Below are the entries; give again exactly the lines from the one mentioning "HLB와 항서제약이 개발하고" through the one mentioning "Der Neubau der", inclusive.

RECORDS SHOWN:
- - -
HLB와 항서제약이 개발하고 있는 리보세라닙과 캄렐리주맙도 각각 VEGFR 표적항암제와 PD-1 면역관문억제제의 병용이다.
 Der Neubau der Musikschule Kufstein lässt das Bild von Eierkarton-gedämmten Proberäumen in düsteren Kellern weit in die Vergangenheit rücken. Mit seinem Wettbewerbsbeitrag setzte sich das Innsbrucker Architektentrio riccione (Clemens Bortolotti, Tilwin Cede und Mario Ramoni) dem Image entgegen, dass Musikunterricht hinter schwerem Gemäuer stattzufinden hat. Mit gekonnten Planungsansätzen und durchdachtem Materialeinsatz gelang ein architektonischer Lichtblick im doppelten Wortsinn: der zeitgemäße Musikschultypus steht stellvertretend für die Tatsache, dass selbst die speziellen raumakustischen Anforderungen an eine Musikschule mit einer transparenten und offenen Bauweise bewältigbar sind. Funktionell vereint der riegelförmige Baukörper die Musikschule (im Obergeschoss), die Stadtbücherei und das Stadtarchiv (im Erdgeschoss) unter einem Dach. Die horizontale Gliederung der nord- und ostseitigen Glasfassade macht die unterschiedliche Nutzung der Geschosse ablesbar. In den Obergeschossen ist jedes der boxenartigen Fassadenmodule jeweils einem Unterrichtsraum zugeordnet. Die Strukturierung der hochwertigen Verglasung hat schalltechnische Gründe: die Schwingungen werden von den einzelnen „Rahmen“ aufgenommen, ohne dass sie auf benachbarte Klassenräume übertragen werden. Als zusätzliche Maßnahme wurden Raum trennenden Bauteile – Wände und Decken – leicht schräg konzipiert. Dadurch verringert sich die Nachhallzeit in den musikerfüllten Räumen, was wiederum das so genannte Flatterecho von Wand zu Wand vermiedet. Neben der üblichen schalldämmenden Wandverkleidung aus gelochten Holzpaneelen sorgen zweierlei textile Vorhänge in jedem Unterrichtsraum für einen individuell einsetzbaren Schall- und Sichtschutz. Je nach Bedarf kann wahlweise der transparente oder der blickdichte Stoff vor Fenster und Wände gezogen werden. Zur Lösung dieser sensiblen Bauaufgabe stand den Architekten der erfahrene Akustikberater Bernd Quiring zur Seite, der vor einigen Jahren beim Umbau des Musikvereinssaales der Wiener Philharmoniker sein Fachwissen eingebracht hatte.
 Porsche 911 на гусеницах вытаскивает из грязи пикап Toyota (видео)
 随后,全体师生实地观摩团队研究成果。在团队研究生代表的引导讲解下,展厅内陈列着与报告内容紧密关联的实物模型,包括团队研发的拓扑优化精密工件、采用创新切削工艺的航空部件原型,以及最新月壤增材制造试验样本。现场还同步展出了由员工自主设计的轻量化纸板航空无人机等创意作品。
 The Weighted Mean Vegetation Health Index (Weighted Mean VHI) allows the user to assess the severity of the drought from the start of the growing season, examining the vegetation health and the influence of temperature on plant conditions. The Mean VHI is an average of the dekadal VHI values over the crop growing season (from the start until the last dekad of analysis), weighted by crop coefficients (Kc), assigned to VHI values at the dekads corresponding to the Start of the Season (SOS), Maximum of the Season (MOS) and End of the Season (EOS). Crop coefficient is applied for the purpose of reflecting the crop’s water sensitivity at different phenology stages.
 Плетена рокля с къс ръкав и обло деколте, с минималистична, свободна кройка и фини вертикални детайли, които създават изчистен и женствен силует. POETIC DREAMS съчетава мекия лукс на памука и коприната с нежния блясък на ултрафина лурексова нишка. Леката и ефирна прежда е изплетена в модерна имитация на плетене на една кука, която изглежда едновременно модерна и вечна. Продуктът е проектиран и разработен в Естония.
- - -
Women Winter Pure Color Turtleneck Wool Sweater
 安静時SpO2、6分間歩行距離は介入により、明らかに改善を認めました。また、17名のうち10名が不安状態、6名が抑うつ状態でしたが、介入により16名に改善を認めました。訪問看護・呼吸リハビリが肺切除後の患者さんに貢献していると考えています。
- - -
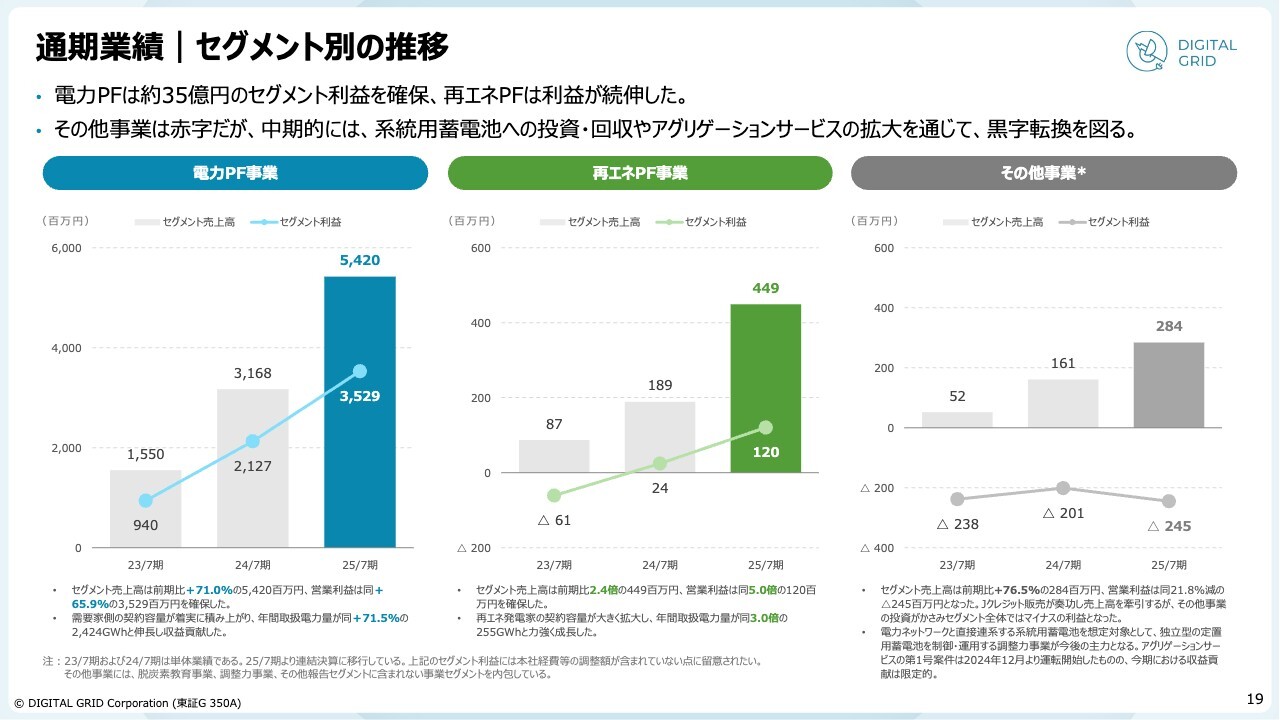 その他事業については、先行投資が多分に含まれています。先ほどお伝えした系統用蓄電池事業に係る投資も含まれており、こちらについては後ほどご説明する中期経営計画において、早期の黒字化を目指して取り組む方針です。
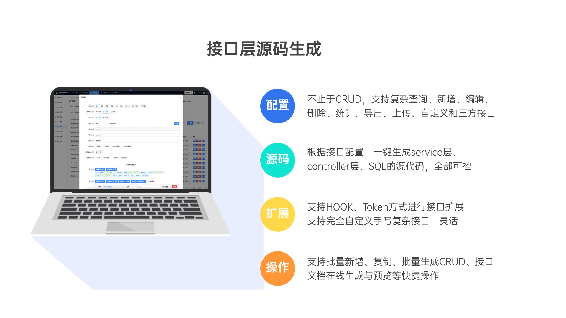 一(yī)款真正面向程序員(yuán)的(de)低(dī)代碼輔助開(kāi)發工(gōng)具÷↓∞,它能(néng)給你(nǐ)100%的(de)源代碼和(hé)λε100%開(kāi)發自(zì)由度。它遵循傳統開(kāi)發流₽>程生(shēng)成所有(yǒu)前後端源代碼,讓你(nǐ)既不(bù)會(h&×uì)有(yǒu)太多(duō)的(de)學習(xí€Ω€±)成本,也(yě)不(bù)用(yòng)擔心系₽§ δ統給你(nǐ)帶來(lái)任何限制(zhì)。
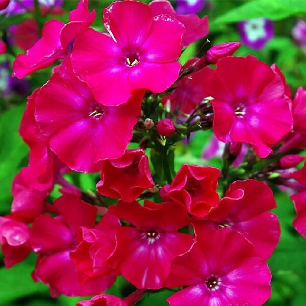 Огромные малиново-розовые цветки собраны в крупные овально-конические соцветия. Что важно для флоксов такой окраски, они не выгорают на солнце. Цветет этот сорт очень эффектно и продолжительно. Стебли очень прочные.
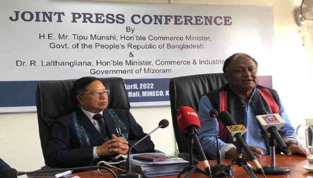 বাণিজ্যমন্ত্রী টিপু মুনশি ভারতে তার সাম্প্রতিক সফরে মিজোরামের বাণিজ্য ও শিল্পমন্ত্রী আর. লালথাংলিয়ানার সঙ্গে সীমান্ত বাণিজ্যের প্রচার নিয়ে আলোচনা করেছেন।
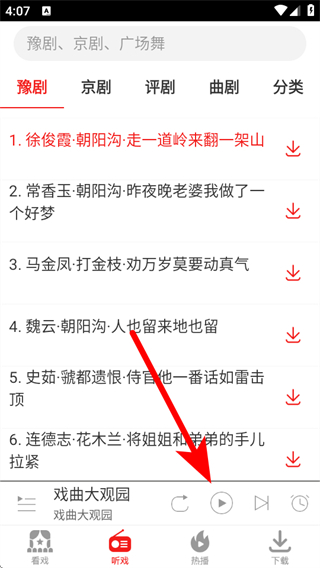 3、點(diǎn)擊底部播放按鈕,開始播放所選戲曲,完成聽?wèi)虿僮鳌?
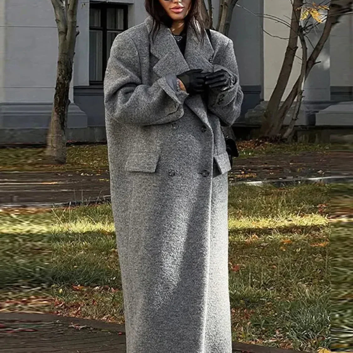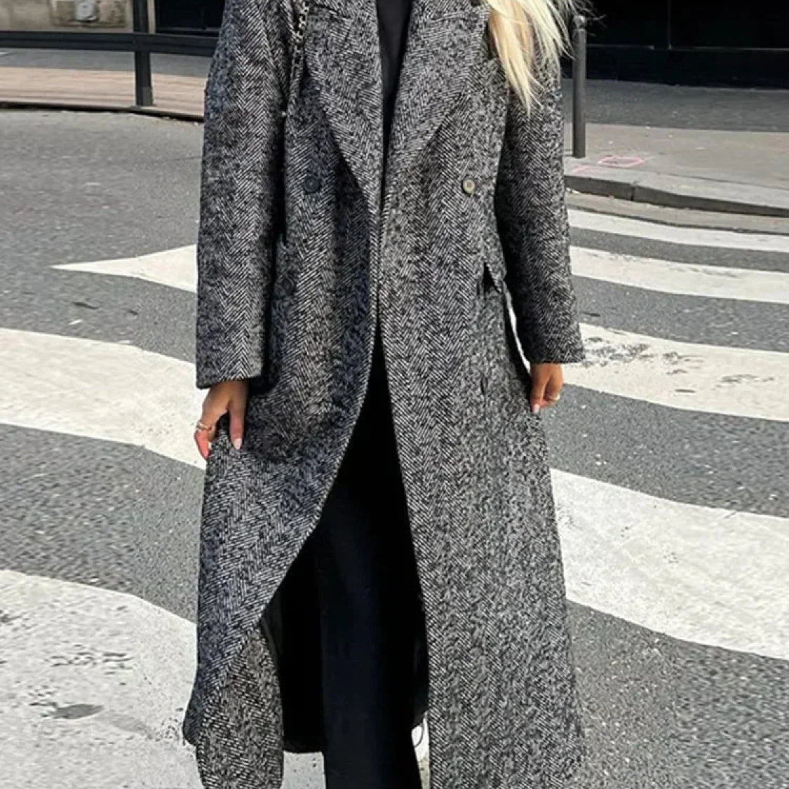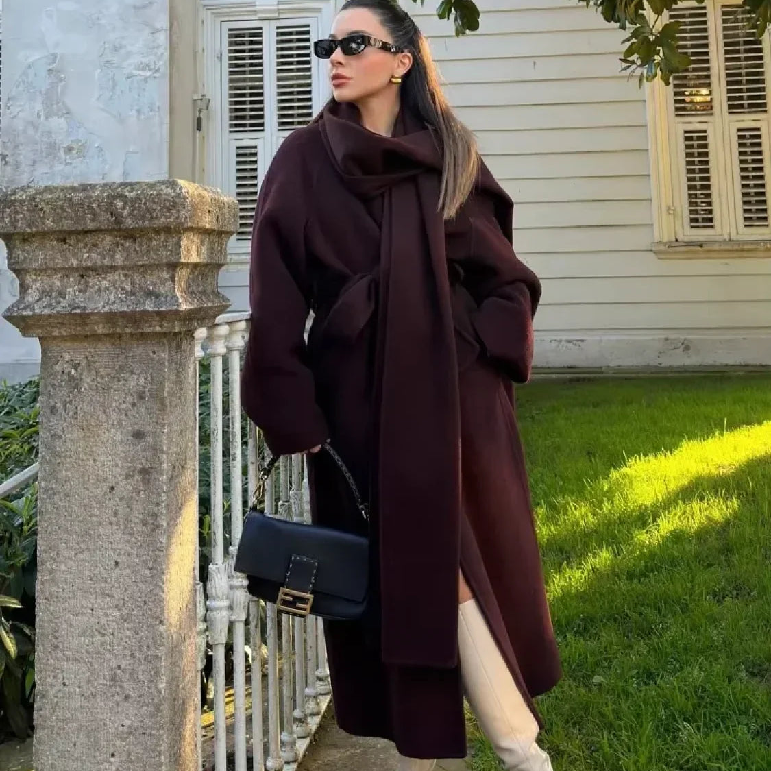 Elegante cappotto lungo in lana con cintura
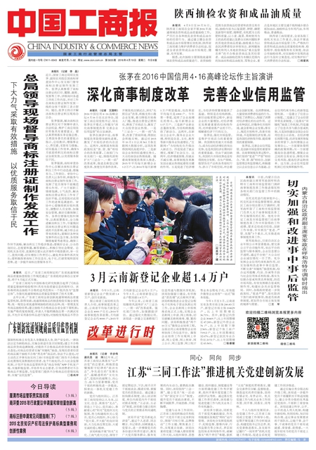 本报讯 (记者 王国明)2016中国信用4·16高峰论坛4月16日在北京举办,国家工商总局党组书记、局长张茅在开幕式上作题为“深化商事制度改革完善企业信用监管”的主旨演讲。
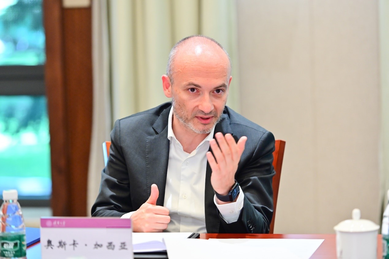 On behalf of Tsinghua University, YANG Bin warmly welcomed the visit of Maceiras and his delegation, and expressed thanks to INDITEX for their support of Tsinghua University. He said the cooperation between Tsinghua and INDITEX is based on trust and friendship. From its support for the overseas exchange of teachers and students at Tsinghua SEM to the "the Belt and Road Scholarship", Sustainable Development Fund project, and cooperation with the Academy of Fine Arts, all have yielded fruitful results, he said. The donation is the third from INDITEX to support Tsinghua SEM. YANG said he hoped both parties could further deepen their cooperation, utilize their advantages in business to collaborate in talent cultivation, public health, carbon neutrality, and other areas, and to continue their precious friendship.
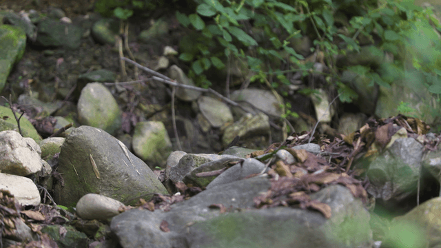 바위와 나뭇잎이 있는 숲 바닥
- - -
EXERCISE SOLUTION:
HLB와 항서제약이 개발하고 있는 리보세라닙과 캄렐리주맙도 각각 VEGFR 표적항암제와 PD-1 면역관문억제제의 병용이다.
 Der Neubau der Musikschule Kufstein lässt das Bild von Eierkarton-gedämmten Proberäumen in düsteren Kellern weit in die Vergangenheit rücken. Mit seinem Wettbewerbsbeitrag setzte sich das Innsbrucker Architektentrio riccione (Clemens Bortolotti, Tilwin Cede und Mario Ramoni) dem Image entgegen, dass Musikunterricht hinter schwerem Gemäuer stattzufinden hat. Mit gekonnten Planungsansätzen und durchdachtem Materialeinsatz gelang ein architektonischer Lichtblick im doppelten Wortsinn: der zeitgemäße Musikschultypus steht stellvertretend für die Tatsache, dass selbst die speziellen raumakustischen Anforderungen an eine Musikschule mit einer transparenten und offenen Bauweise bewältigbar sind. Funktionell vereint der riegelförmige Baukörper die Musikschule (im Obergeschoss), die Stadtbücherei und das Stadtarchiv (im Erdgeschoss) unter einem Dach. Die horizontale Gliederung der nord- und ostseitigen Glasfassade macht die unterschiedliche Nutzung der Geschosse ablesbar. In den Obergeschossen ist jedes der boxenartigen Fassadenmodule jeweils einem Unterrichtsraum zugeordnet. Die Strukturierung der hochwertigen Verglasung hat schalltechnische Gründe: die Schwingungen werden von den einzelnen „Rahmen“ aufgenommen, ohne dass sie auf benachbarte Klassenräume übertragen werden. Als zusätzliche Maßnahme wurden Raum trennenden Bauteile – Wände und Decken – leicht schräg konzipiert. Dadurch verringert sich die Nachhallzeit in den musikerfüllten Räumen, was wiederum das so genannte Flatterecho von Wand zu Wand vermiedet. Neben der üblichen schalldämmenden Wandverkleidung aus gelochten Holzpaneelen sorgen zweierlei textile Vorhänge in jedem Unterrichtsraum für einen individuell einsetzbaren Schall- und Sichtschutz. Je nach Bedarf kann wahlweise der transparente oder der blickdichte Stoff vor Fenster und Wände gezogen werden. Zur Lösung dieser sensiblen Bauaufgabe stand den Architekten der erfahrene Akustikberater Bernd Quiring zur Seite, der vor einigen Jahren beim Umbau des Musikvereinssaales der Wiener Philharmoniker sein Fachwissen eingebracht hatte.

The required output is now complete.